YOUR OBJECTIVE: Retype every line from the start of the data down to and including the line with "Eerste verdieping: De". Skip the pictures.

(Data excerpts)
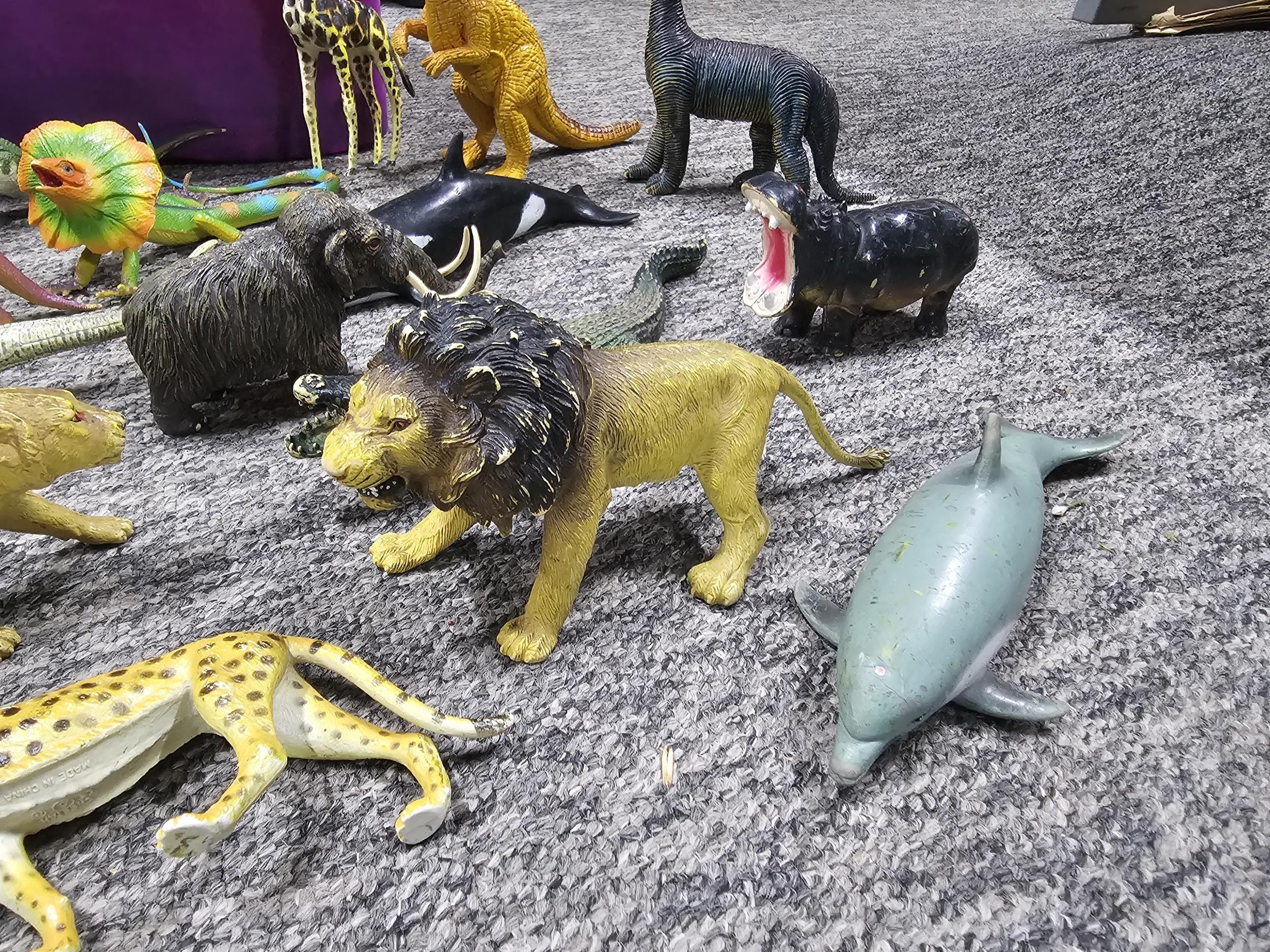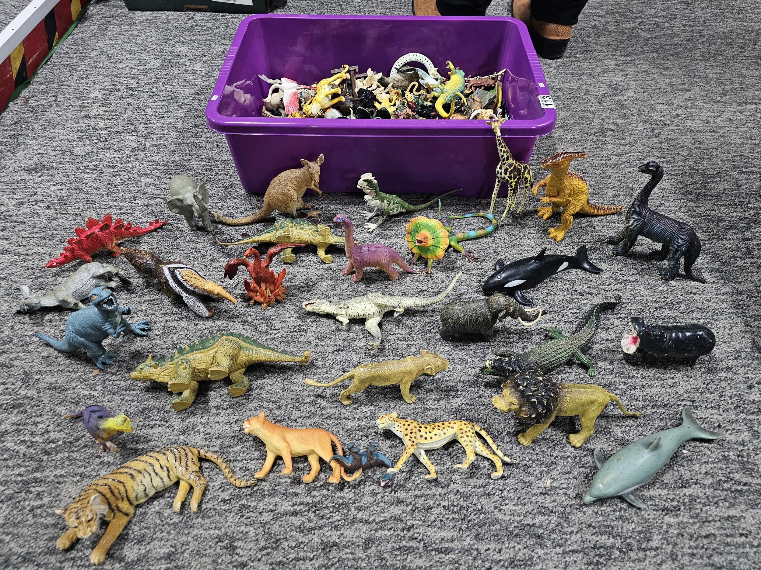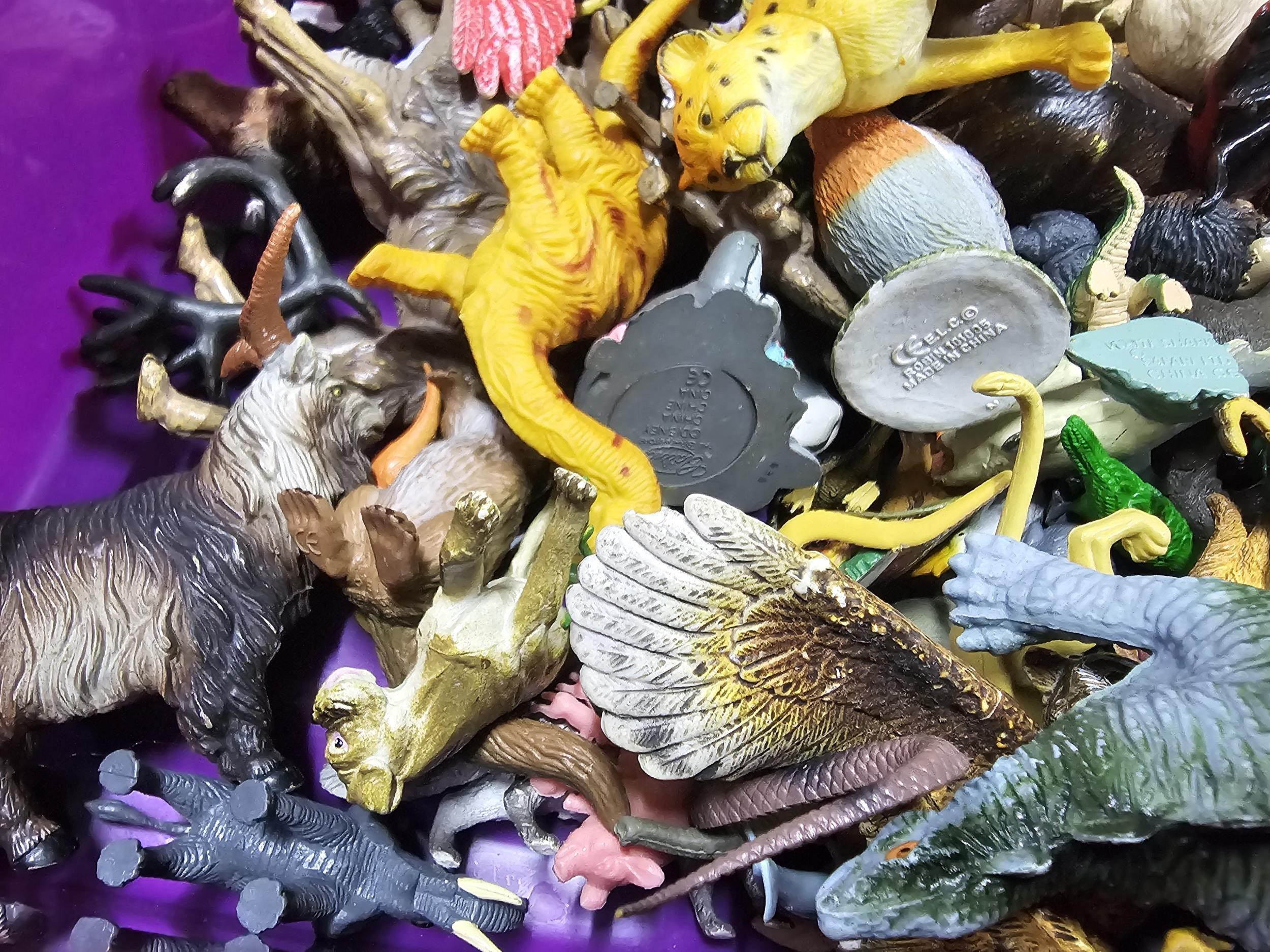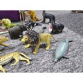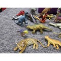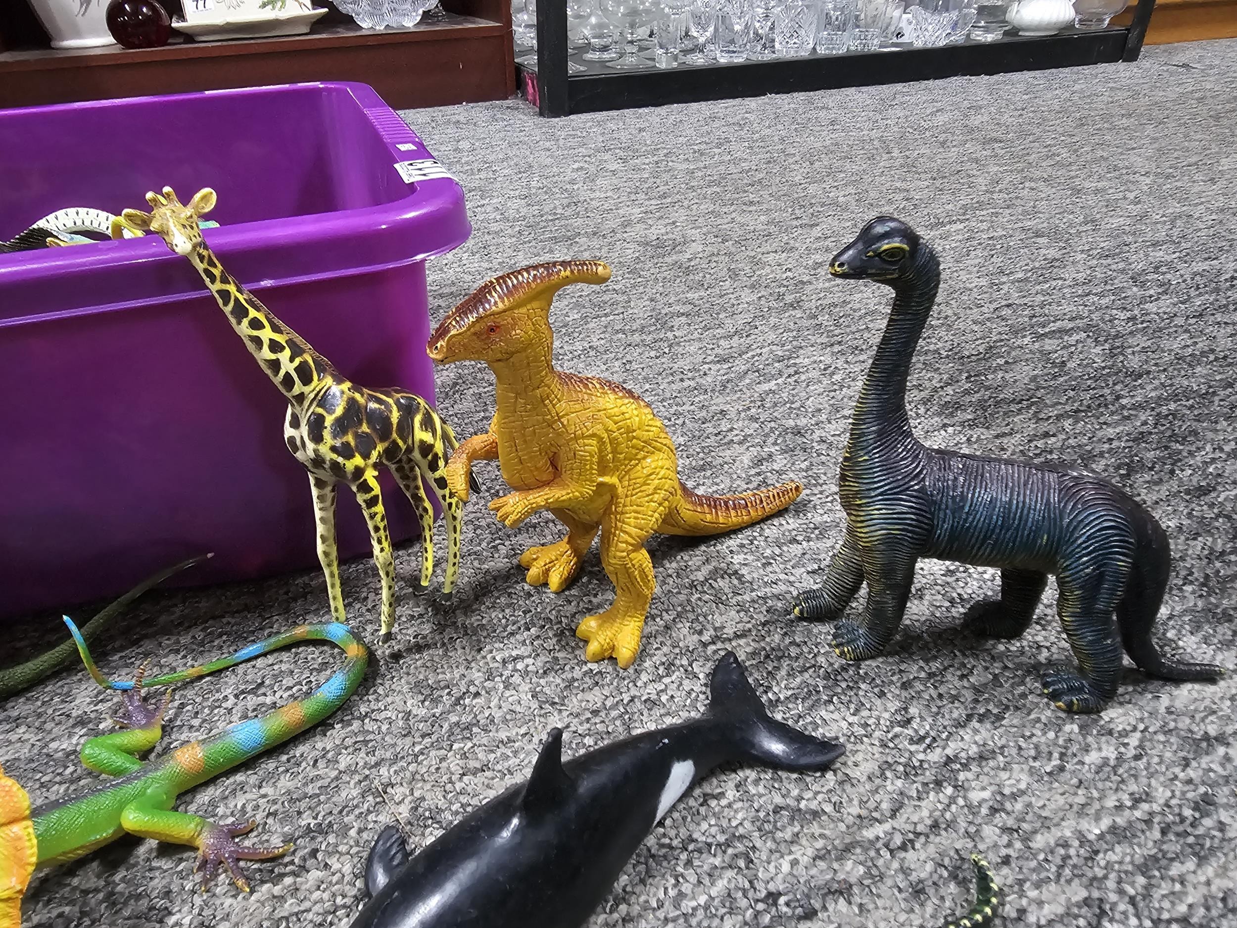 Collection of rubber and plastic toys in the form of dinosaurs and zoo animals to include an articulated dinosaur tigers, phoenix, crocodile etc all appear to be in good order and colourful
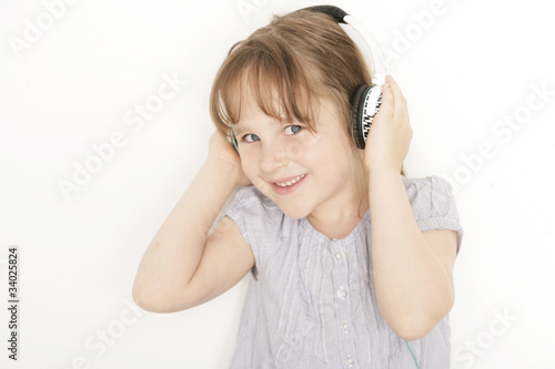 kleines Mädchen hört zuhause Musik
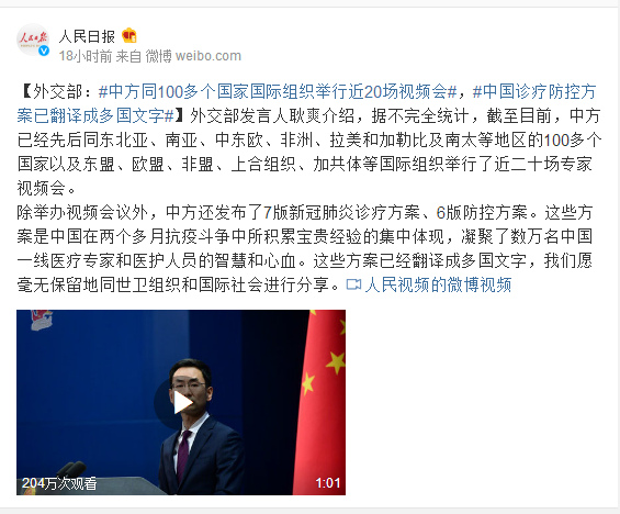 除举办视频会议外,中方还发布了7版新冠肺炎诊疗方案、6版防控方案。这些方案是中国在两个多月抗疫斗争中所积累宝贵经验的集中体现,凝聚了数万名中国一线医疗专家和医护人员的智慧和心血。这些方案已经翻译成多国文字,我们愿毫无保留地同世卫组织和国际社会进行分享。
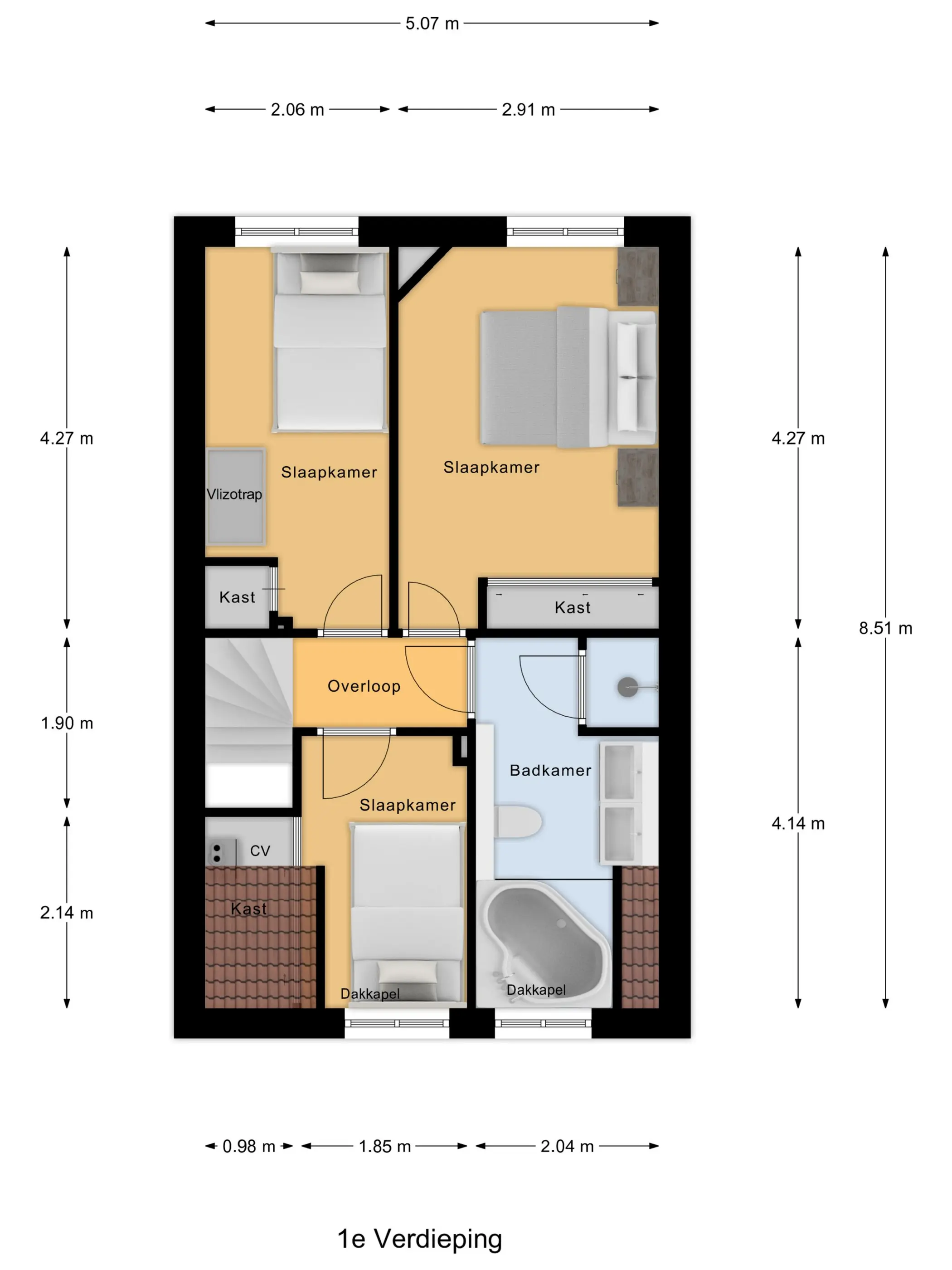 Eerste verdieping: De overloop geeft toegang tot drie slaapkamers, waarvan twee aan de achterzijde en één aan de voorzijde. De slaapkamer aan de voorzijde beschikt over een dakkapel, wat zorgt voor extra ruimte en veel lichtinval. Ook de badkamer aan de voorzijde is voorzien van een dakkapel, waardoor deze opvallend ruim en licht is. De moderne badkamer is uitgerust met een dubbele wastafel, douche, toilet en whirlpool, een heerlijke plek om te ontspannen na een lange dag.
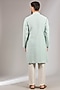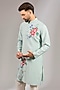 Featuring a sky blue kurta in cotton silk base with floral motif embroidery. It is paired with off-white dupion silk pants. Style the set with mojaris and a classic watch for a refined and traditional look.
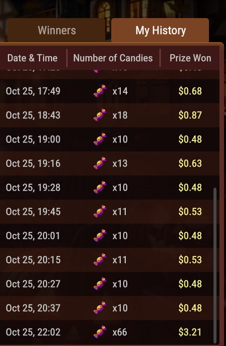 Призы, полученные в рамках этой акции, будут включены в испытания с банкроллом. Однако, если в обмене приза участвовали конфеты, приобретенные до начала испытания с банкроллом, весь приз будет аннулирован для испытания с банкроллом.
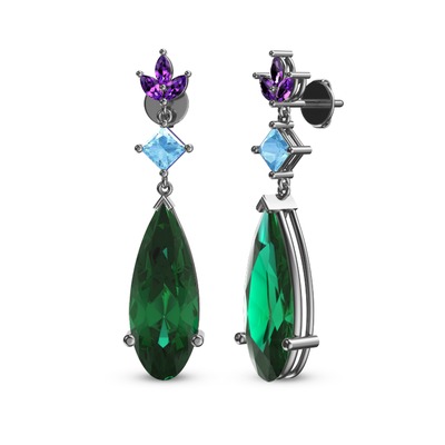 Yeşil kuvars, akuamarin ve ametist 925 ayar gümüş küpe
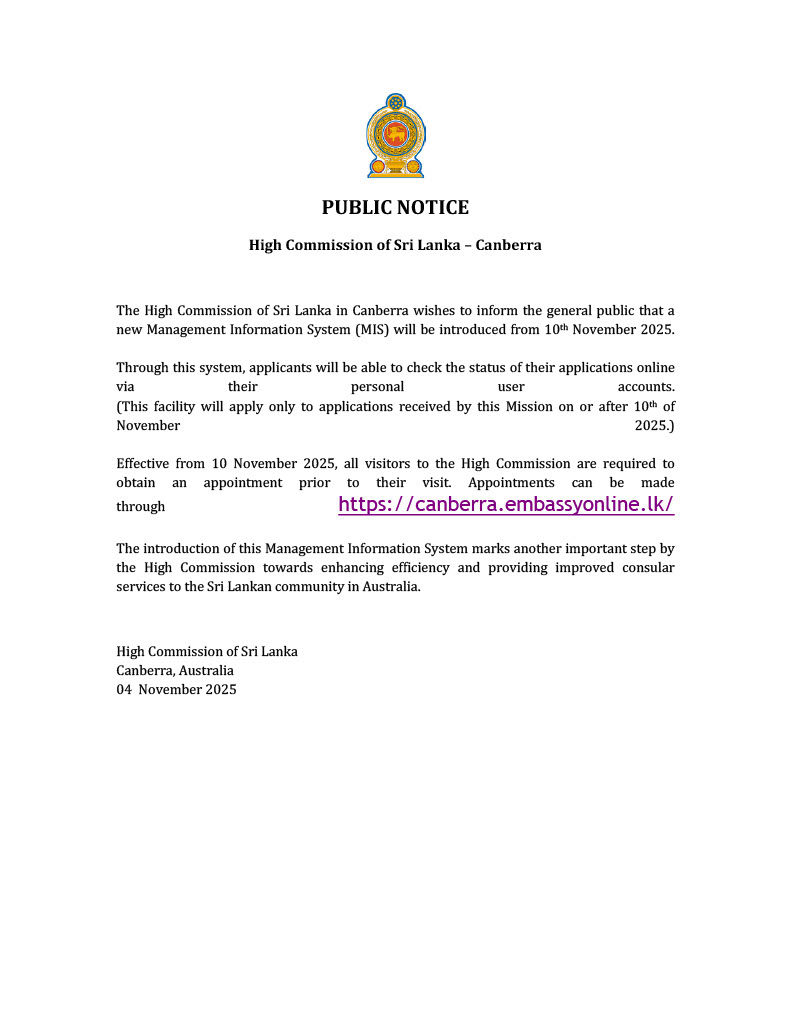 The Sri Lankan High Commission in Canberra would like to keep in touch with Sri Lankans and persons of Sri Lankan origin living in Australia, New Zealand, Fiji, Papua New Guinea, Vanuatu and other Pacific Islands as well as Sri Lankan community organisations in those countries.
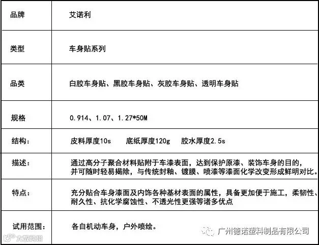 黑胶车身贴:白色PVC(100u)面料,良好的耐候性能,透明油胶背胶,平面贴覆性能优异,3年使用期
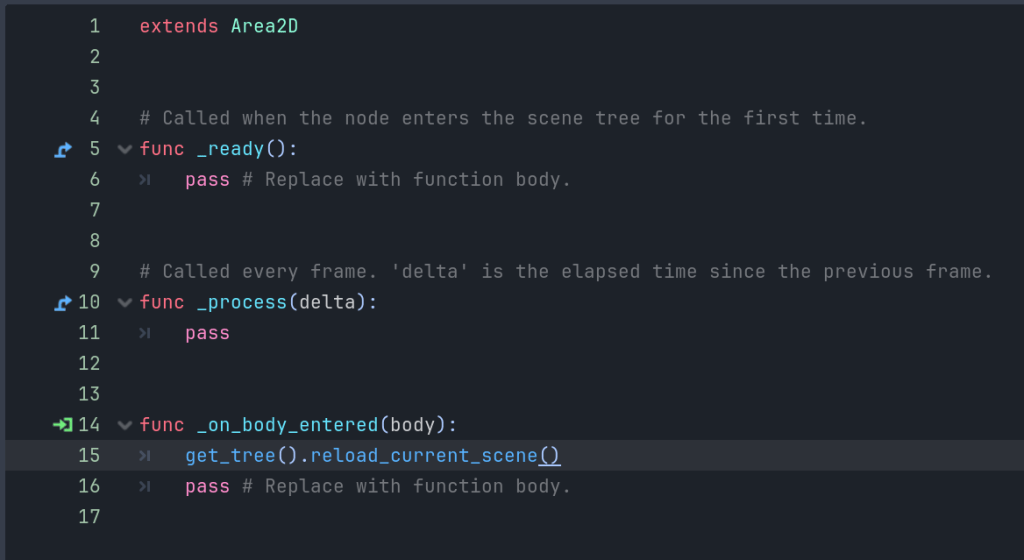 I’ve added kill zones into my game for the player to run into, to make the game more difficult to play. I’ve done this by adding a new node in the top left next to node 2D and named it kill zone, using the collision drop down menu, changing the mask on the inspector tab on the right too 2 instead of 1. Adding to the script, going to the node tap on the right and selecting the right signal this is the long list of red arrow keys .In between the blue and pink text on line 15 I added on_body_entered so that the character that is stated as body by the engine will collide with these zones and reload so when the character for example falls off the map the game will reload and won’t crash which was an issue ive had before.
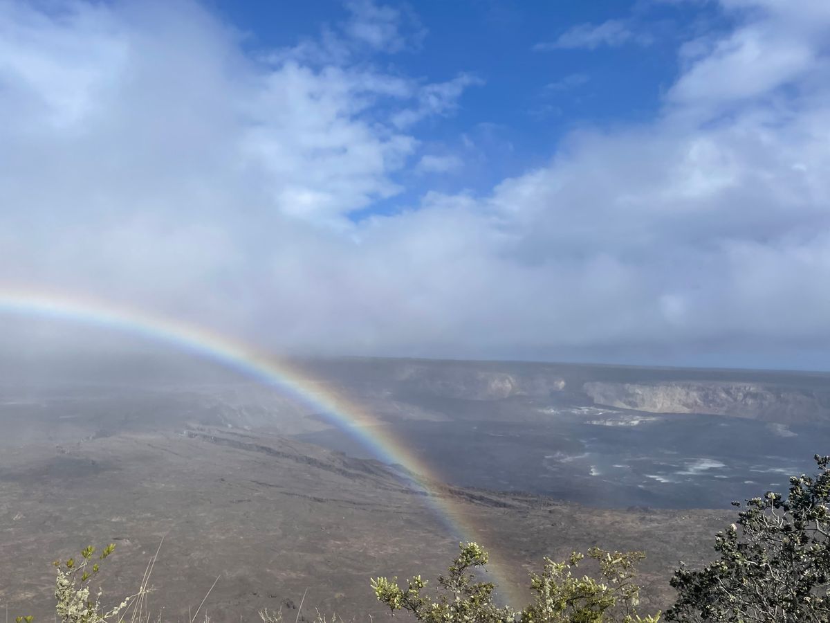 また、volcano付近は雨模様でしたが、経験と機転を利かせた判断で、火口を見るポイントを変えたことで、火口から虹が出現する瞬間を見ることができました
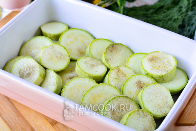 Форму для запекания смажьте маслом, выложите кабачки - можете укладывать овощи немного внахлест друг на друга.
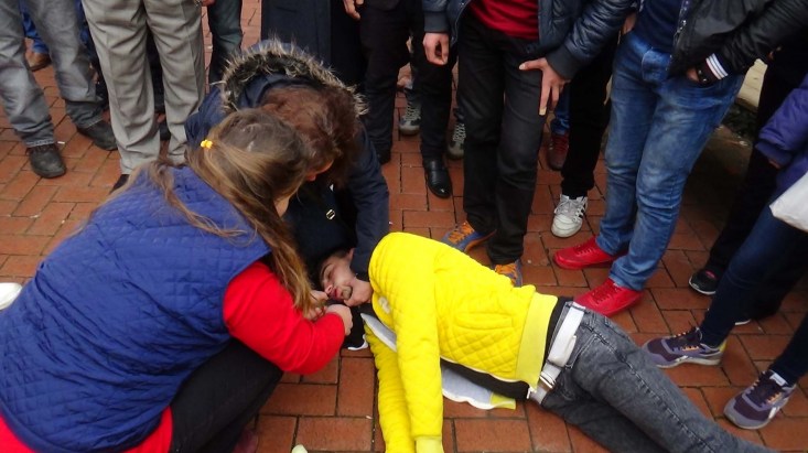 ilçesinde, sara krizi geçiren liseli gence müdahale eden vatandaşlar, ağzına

COMPLETED EXERCISE:
 Collection of rubber and plastic toys in the form of dinosaurs and zoo animals to include an articulated dinosaur tigers, phoenix, crocodile etc all appear to be in good order and colourful
 kleines Mädchen hört zuhause Musik
 除举办视频会议外,中方还发布了7版新冠肺炎诊疗方案、6版防控方案。这些方案是中国在两个多月抗疫斗争中所积累宝贵经验的集中体现,凝聚了数万名中国一线医疗专家和医护人员的智慧和心血。这些方案已经翻译成多国文字,我们愿毫无保留地同世卫组织和国际社会进行分享。
 Eerste verdieping: De overloop geeft toegang tot drie slaapkamers, waarvan twee aan de achterzijde en één aan de voorzijde. De slaapkamer aan de voorzijde beschikt over een dakkapel, wat zorgt voor extra ruimte en veel lichtinval. Ook de badkamer aan de voorzijde is voorzien van een dakkapel, waardoor deze opvallend ruim en licht is. De moderne badkamer is uitgerust met een dubbele wastafel, douche, toilet en whirlpool, een heerlijke plek om te ontspannen na een lange dag.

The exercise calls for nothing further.